L'insolence des factieux de l'Assemblée était à son comble. Leurs principaux chefs, tels que Brissot, Isnard, Vergniaud, tous les députés de la Gironde et plusieurs autres se permettaient journellement les plus violentes invectives contre le Roi, la Reine et leurs plus fidèles serviteurs. Ils excitaient le peuple à la révolte, et, par la protection qu'ils accordaient aux scélérats, il se formait un parti formidable qui faisait trembler toute la France. Enragés contre les prêtres et les nobles, ils appelaient sur eux les torches et les poignards, distribuant à leur gré les soupçons et les calomnies, accueillant toute espèce de dénonciation, et en inventant même au besoin. François de Neufchâteau, ennemi déclaré de la religion, renouvelait continuellement ses diatribes contre les prêtres et ne cessait de demander leur déportation.
Tout annonçait une prochaine révolution: l'Assemblée violait ouvertement la Constitution, et les factieux se moquaient des députés qui s'en plaignaient. Ils leur ôtaient la parole, et envoyaient à l'Abbaye ceux qui représentaient trop fortement l'indécence de leur conduite. Devenus maîtres de l'Assemblée dont ils avaient subjugué la majorité, ils faisaient passer sans difficulté les décrets les plus révoltants et les plus inconstitutionnels.
L'Assemblée désirait depuis longtemps l'éloignement des Suisses de Paris.

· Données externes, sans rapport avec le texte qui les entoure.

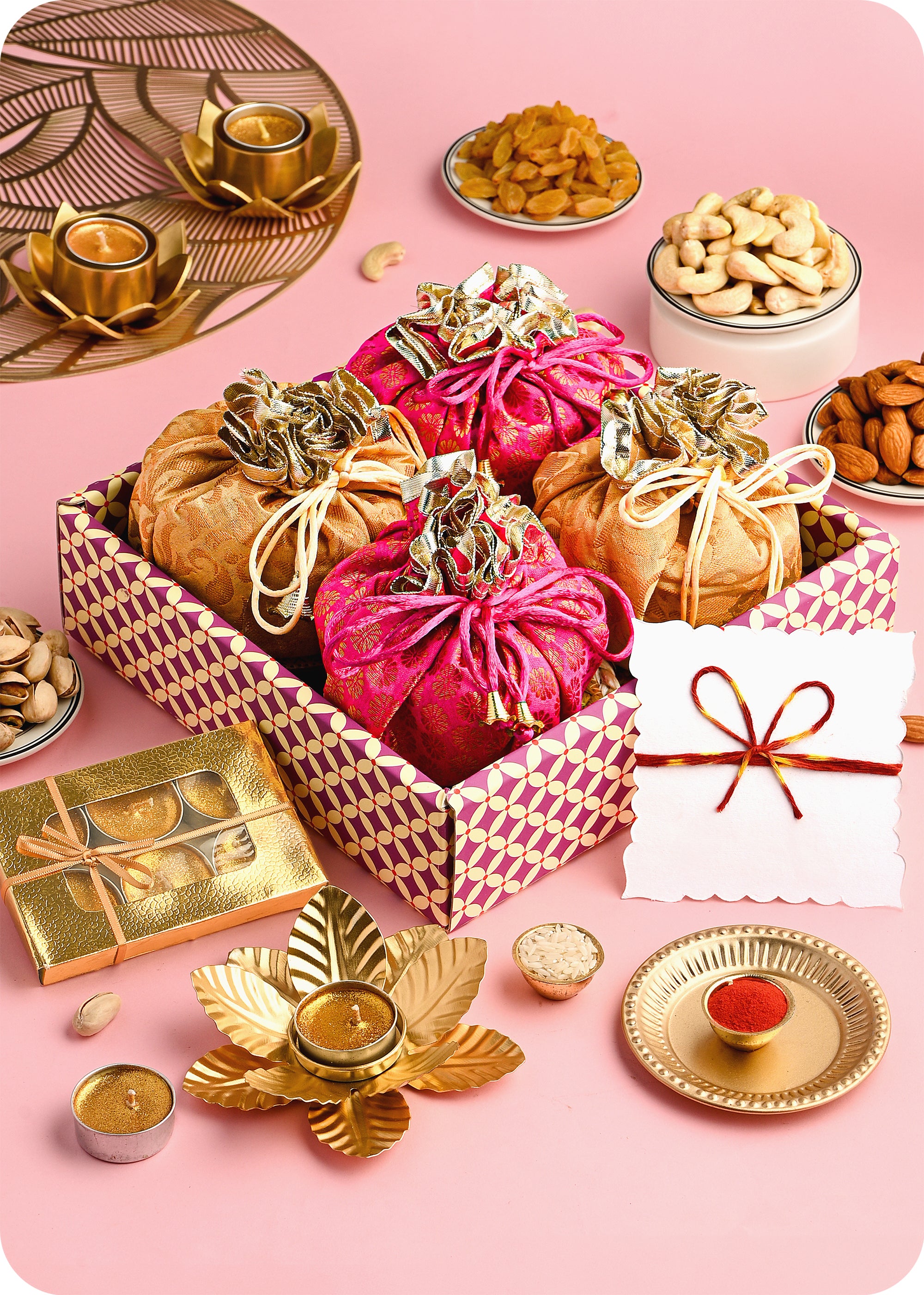 Bhai Dooj Gift Contains: Includes 125gm Cashew, 125gm Almonds, 125gm Raisins, 120gm Pistachio, Pack of 9 Tea Light Candles, A Metal Tea light Holder, Dori, Roli and Rice.

Pour y parvenir sous un prétexte apparent, M. de Kersaint les dénonça pour avoir arrêté plusieurs citoyens. On eut beau lui donner la preuve que des propos infâmes avaient occasionné cette mesure, il n'en continua pas moins ses déclamations sur le danger de laisser autant de troupes à la disposition du Roi. «Il ne peut avoir, ajouta-t-il, une armée à ses ordres; la garde doit lui suffire.» Il se plaignit ensuite de voir fermer le jardin des Tuileries par la volonté du Roi. «La nation le loge aux Tuileries, mais on ne lui donne pas la jouissance exclusive du jardin; il est soumis à la police nationale, et quand il est fermé, il l'est à celle de sa garde, qui ne peut cependant, dans aucun cas, s'étendre au delà des murs du palais.»

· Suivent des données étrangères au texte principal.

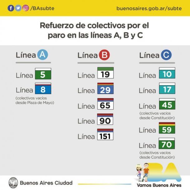 También sumarán servicios cortos, desde Palermo a Constitución, la línea 10, mientras que la línea 17 reforzará unidades entre facultad de Derecho y Constitución, en tanto la 19 lo hará entre Chacarita y Once.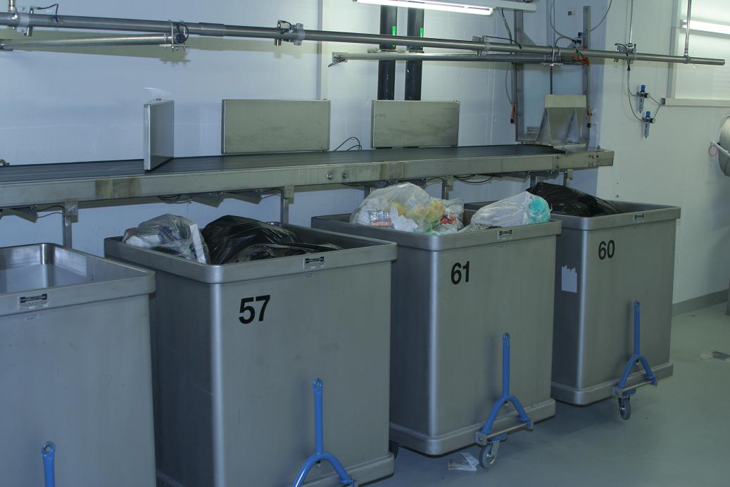 Um die Kapazität der Anlage zu vergrössern können über Förderbänder die Säcke auf Press- oder Normcontainer verteilt werden.

A l'appui de ce discours, une députation du faubourg Saint-Antoine, composée des vainqueurs de la Bastille et de deux mille personnes ayant à leur tête Santerre et Saint-Huruge, demanda la permission de défiler devant l'Assemblée. Cette députation marchait sur trois colonnes; celle du centre était composée de gardes nationaux, et les deux autres d'hommes du faubourg, porteurs de piques de toutes les formes, ornées de banderoles aux couleurs nationales, avec des devises analogues à leur costume. Ils étaient accompagnés de femmes armées de fusils, de pistolets et de sabres. Ils entrèrent tous au son du tambour, précédés de la Déclaration des droits de l'homme écrite en lettres d'or, et au son d'une musique guerrière jouant l'air _Ça ira_, etc. L'orateur tonna contre les despotes coalisés, les avertit de trembler parce que leur heure était venue; il finit par dénoncer le Roi comme violateur de la Constitution en gardant les Suisses auprès de sa personne.

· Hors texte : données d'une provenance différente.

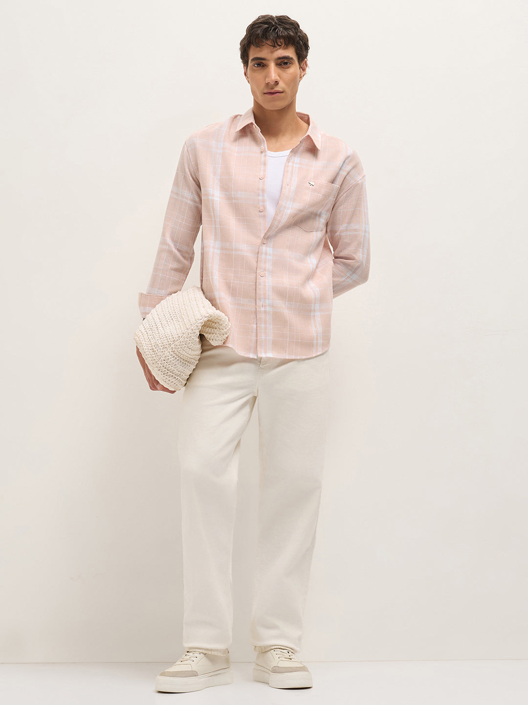 Shop Peach Woven Checks Relaxed Fit Casual Shirt Online.

Ils tentèrent, mais inutilement, de s'introduire dans le château. Les grilles en étaient fermées et gardées avec tant de soin, qu'ils ne purent y pénétrer et furent obligés de renoncer pour ce jour à cette première tentative.
Malgré le décret de l'Assemblée qui ordonnait de ne rien changer au sort des Suisses jusqu'à la réponse des cantons, le Roi fut forcé de les renvoyer à Courbevoie, et l'on ne conserva à Paris que ceux qui faisaient le service du château.